The paper is organized as follows. In the next section we analyze the feasibility of application of classifier ensemble in multi-sensor system. The technical detail of GACEM is discussed in Section 3. Section 4 provides and analyzes the experimental results of sound source classification. Finally, conclusions and some potential further research directions are presented in Section 5.

2. Problem Formulation and Analysis

2.1 Problem formulation

Consider a classification problem where a test pattern (whch may be an event, a physical phenomenon, etc.) is to be assigned to a class label S (S∈{s₁, s₂,…,s_L}, L is the number of possible classes). And measuring the test pattern is carried out by means of M sensors. Here the sensors may be heterogeneous or homogeneous. Let us assume that the observations on the test pattern from the i -th sensor is represented by feature vector R_i (i = 1,…M). Without the loss of generality, R_i (i = 1,…M) is assumed to be a row feature vector. Now the goal is to find the most appropriate mapping from the observation set {R₁,…R_M} to the pattern class label S.

The conventional avenues for the problem are shown in Figure 1, i.e., (a) feature-level fusion and (b) decision-level fusion. As shown in Figure 1(a), the features for training can be expressed as [R₁ċR_M] and the single classifier is trained based on the features from all sensors, while in Figure 1(b), the i -th classifier is trained only on the feature vector R_i and then all the classification results are combined to form a comprehensive decision through a given strategy such as voting or averaging.
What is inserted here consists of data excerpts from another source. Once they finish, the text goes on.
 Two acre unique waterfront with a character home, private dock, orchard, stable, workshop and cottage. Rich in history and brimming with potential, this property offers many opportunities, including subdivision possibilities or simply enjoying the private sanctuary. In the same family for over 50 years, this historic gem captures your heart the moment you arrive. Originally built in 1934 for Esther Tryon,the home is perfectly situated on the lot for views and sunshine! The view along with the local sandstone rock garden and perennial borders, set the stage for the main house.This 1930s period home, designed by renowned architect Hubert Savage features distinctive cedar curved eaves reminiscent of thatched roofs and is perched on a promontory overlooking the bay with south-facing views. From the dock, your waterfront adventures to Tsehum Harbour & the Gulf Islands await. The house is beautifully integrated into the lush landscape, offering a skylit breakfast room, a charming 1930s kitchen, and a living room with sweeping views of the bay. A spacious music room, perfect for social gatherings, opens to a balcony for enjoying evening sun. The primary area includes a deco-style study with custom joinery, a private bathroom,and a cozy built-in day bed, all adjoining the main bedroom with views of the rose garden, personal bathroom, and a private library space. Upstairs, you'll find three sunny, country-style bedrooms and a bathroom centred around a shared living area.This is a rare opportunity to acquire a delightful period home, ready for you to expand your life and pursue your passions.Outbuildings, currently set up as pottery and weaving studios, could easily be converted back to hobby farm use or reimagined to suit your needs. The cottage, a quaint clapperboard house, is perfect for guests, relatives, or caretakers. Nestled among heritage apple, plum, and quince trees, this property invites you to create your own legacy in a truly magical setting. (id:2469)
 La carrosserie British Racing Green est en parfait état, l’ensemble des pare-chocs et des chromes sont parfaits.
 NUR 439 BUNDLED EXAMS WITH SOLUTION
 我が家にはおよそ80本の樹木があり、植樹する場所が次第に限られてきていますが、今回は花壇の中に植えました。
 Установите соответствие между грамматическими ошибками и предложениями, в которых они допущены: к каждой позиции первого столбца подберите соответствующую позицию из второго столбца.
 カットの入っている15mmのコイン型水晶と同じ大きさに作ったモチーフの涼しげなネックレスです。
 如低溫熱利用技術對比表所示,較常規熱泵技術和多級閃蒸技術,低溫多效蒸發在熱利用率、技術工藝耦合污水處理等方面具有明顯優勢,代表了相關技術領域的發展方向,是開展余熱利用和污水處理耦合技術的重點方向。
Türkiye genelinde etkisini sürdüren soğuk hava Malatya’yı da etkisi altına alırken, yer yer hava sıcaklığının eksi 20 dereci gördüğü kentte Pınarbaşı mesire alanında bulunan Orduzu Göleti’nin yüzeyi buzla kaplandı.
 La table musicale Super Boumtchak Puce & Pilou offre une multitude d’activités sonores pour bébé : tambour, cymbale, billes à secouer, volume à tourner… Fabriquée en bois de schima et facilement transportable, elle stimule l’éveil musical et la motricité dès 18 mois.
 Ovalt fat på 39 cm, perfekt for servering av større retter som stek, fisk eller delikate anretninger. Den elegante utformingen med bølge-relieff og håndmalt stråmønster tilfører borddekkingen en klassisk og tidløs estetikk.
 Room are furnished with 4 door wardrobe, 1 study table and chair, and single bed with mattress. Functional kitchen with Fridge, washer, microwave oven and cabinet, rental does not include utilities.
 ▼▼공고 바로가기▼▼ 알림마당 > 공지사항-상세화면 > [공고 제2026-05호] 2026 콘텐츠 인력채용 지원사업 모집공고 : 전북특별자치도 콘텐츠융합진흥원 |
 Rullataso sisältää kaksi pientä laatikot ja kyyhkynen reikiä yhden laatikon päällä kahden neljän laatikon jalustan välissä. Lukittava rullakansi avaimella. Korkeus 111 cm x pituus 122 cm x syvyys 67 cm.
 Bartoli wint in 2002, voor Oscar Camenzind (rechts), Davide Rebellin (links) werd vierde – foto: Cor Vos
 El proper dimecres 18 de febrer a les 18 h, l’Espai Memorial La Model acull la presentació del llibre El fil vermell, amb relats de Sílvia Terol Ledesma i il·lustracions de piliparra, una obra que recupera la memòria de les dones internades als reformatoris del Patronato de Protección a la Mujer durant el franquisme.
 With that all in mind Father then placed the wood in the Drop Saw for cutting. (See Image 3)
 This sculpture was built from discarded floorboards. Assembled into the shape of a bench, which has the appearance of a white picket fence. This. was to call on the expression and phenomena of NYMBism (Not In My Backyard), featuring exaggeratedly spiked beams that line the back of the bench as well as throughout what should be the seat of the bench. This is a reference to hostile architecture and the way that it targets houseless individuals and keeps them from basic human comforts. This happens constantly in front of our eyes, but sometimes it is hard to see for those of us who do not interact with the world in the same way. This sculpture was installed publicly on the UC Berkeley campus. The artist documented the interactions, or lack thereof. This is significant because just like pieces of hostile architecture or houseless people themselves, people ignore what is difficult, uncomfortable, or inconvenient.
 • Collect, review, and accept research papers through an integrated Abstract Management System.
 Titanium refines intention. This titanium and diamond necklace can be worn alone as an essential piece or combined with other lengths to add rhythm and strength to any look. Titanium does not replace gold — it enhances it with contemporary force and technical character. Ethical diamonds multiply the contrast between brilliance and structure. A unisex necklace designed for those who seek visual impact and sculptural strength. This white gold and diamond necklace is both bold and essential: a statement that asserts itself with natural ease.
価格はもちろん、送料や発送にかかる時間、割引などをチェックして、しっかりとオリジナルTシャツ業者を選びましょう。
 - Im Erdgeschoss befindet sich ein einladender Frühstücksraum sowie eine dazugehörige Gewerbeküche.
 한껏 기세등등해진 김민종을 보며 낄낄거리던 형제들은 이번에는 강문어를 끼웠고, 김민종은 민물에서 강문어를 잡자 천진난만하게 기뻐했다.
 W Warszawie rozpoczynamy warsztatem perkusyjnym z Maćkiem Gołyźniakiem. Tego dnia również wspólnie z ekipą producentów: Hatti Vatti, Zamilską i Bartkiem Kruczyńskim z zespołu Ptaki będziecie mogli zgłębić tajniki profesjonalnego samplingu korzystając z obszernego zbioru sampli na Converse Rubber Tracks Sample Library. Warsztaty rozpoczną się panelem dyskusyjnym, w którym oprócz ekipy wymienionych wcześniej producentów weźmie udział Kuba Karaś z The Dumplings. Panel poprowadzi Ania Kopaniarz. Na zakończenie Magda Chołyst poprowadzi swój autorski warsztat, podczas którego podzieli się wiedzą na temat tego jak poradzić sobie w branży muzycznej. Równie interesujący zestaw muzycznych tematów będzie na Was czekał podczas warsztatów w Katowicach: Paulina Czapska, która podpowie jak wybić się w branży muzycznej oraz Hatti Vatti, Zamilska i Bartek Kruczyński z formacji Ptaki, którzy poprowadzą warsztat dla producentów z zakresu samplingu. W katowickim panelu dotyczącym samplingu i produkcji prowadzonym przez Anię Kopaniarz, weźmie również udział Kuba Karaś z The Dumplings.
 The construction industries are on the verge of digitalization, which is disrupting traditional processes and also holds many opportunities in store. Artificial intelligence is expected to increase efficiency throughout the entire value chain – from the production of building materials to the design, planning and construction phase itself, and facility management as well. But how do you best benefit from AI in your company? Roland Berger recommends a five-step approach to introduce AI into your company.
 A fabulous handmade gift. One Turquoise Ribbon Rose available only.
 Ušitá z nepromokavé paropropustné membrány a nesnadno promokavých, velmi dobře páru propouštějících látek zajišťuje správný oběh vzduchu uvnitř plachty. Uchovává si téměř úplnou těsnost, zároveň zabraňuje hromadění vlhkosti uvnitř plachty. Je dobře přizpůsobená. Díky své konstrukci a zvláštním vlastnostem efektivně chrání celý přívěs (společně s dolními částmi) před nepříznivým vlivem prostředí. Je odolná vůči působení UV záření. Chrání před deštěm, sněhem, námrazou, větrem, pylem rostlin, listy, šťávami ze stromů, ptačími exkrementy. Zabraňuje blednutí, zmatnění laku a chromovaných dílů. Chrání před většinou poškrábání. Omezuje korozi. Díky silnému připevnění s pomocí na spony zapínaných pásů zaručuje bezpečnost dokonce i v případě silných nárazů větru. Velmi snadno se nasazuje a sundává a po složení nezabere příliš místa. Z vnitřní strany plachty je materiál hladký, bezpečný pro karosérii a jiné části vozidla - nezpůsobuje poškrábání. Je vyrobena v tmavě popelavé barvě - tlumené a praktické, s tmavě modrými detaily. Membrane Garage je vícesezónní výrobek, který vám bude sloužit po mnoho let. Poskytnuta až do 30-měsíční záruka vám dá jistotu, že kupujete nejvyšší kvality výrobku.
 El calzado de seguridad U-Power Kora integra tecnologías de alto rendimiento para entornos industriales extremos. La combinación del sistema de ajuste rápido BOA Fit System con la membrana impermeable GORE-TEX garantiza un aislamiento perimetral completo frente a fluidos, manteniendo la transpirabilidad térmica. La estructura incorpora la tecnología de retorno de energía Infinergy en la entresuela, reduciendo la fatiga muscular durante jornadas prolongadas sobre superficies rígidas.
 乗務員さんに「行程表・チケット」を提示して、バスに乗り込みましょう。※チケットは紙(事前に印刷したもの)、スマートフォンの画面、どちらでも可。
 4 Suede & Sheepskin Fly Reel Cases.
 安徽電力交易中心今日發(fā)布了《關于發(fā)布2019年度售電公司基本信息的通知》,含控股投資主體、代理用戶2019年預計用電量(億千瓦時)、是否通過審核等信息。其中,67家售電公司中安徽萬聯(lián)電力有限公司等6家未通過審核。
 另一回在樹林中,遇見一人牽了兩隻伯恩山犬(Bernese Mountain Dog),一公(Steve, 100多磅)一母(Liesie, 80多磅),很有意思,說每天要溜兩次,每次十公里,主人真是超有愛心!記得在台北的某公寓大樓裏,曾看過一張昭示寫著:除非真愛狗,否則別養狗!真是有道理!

2.2 Definition of Meta-feature and Trans-function

As mentioned above, R_i can be considered a quantitative estimation of the test pattern's characters using the i-th sensor. Intuitively, it is believed that different sensors probably give different measurements due to the factors of sensor type, position, sensitivity, etc. But it is worth noting that they are describing the same test pattern after all. So there must be some kind of inherent relationship among them. Here we call R₀ Meta-feature (MF) which is defined as the intrinsic and natural expression of the test pattern's characters, which is probably a priori in most situations. Suppose there is a functional relationship T_i between R₀ and R_i, i.e., R_i=T_i(R₀). Then we define T_i as the Transfunction (TF) from R₀ to R_i, ∀i∈ [1,M]. Specially, if R_i is the same as R₀, then the TF is invariant, i.e., R_i=T_i(R₀) = R₀.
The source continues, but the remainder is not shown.